• **THE TASK**: Reproduce only the lines below from the line containing "2. If you want" to the line containing "入戶宣傳是一種強化認識的手段", exactly as written, with both end lines kept. Omit the pictures.

• **PROVIDED INFORMATION**:
..............................

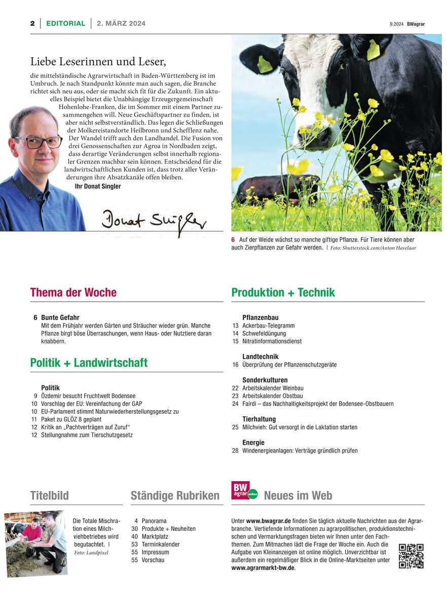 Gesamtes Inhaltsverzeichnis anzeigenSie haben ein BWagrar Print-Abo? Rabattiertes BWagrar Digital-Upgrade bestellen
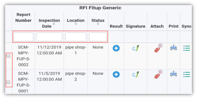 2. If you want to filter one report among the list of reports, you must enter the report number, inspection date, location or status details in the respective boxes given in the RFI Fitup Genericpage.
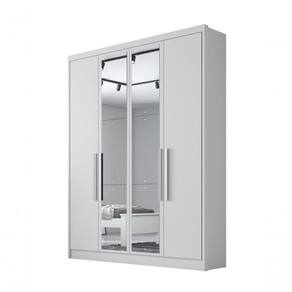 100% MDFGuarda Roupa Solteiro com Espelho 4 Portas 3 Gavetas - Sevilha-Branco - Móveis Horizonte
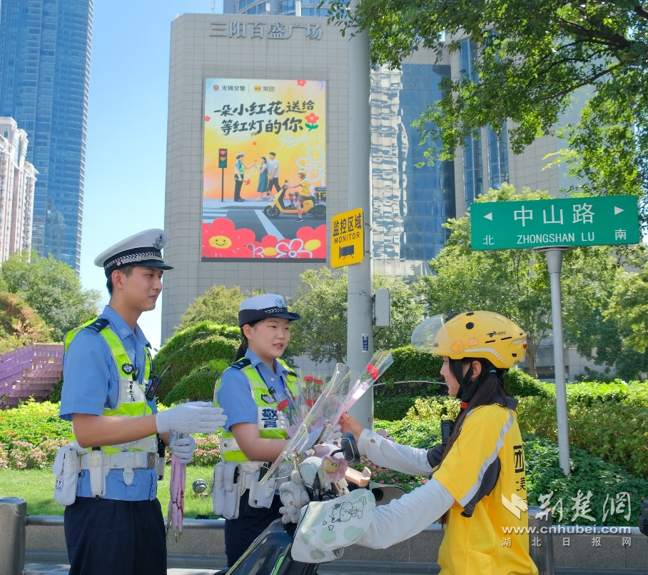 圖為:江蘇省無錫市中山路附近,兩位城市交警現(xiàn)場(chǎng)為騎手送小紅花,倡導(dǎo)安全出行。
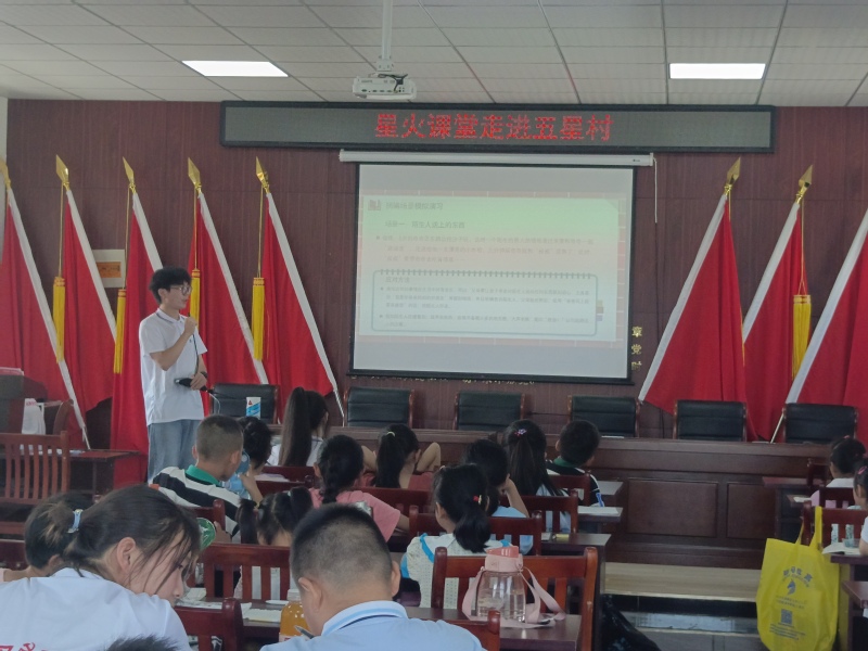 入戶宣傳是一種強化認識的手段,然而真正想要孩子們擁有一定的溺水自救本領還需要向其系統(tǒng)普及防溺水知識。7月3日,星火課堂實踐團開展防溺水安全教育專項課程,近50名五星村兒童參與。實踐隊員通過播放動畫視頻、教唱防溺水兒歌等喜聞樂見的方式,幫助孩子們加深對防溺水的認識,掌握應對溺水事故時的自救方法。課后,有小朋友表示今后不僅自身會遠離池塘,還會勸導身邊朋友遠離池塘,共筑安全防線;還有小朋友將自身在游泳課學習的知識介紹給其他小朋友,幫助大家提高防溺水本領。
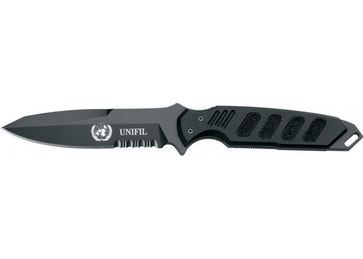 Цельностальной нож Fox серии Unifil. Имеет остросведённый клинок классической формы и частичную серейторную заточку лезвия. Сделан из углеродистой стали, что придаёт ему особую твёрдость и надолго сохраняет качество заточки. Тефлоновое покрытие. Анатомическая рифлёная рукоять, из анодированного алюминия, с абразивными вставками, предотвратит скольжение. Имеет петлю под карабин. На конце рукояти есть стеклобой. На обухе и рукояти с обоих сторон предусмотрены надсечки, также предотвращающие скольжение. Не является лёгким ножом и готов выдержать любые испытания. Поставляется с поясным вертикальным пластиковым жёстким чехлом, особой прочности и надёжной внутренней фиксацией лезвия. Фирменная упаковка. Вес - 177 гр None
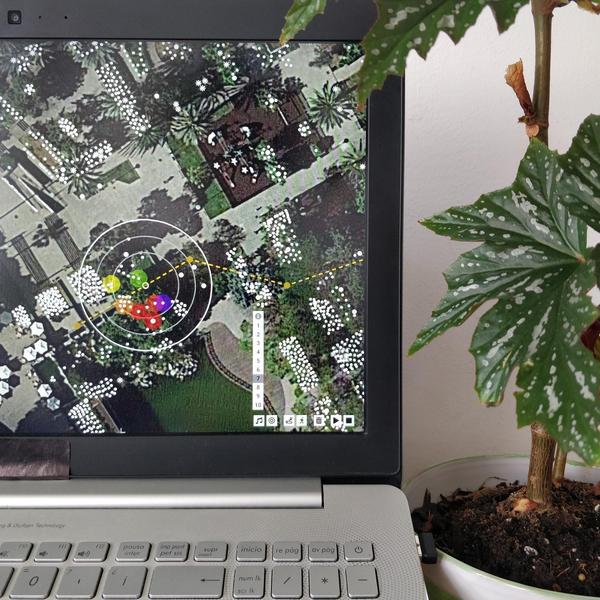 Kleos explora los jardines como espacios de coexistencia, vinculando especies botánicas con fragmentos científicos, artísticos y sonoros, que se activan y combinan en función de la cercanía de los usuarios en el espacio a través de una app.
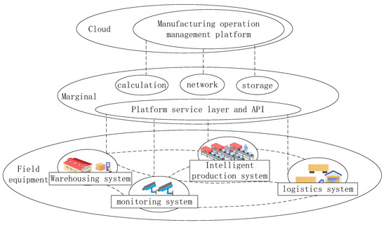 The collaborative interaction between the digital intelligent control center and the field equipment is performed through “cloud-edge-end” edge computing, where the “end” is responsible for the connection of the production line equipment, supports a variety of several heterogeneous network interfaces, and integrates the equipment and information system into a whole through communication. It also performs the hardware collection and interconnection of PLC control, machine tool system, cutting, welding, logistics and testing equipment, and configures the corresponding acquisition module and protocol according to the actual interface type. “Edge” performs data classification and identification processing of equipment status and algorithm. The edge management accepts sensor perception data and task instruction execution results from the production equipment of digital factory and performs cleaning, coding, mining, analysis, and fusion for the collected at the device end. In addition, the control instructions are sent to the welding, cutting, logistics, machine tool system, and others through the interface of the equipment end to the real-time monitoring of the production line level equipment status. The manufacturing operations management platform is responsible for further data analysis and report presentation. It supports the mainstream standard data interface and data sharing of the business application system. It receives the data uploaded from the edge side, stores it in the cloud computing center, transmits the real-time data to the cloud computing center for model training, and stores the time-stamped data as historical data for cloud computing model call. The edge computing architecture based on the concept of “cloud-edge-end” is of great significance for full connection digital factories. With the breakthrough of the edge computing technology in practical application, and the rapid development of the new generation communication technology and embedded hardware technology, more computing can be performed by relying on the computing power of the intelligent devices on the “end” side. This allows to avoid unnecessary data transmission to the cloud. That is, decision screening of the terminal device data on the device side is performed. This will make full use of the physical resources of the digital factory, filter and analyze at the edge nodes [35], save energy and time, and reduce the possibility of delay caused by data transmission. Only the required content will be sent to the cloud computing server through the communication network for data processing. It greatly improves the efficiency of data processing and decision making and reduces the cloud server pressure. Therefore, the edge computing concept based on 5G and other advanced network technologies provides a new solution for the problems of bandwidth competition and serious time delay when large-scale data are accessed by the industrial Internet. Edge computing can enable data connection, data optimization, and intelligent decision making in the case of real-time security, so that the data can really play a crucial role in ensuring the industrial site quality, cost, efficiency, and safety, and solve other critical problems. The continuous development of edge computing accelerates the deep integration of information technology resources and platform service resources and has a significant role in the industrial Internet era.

..............................

• **COMPLETED TASK**:
 2. If you want to filter one report among the list of reports, you must enter the report number, inspection date, location or status details in the respective boxes given in the RFI Fitup Genericpage.
 100% MDFGuarda Roupa Solteiro com Espelho 4 Portas 3 Gavetas - Sevilha-Branco - Móveis Horizonte
 圖為:江蘇省無錫市中山路附近,兩位城市交警現(xiàn)場(chǎng)為騎手送小紅花,倡導(dǎo)安全出行。
 入戶宣傳是一種強化認識的手段,然而真正想要孩子們擁有一定的溺水自救本領還需要向其系統(tǒng)普及防溺水知識。7月3日,星火課堂實踐團開展防溺水安全教育專項課程,近50名五星村兒童參與。實踐隊員通過播放動畫視頻、教唱防溺水兒歌等喜聞樂見的方式,幫助孩子們加深對防溺水的認識,掌握應對溺水事故時的自救方法。課后,有小朋友表示今后不僅自身會遠離池塘,還會勸導身邊朋友遠離池塘,共筑安全防線;還有小朋友將自身在游泳課學習的知識介紹給其他小朋友,幫助大家提高防溺水本領。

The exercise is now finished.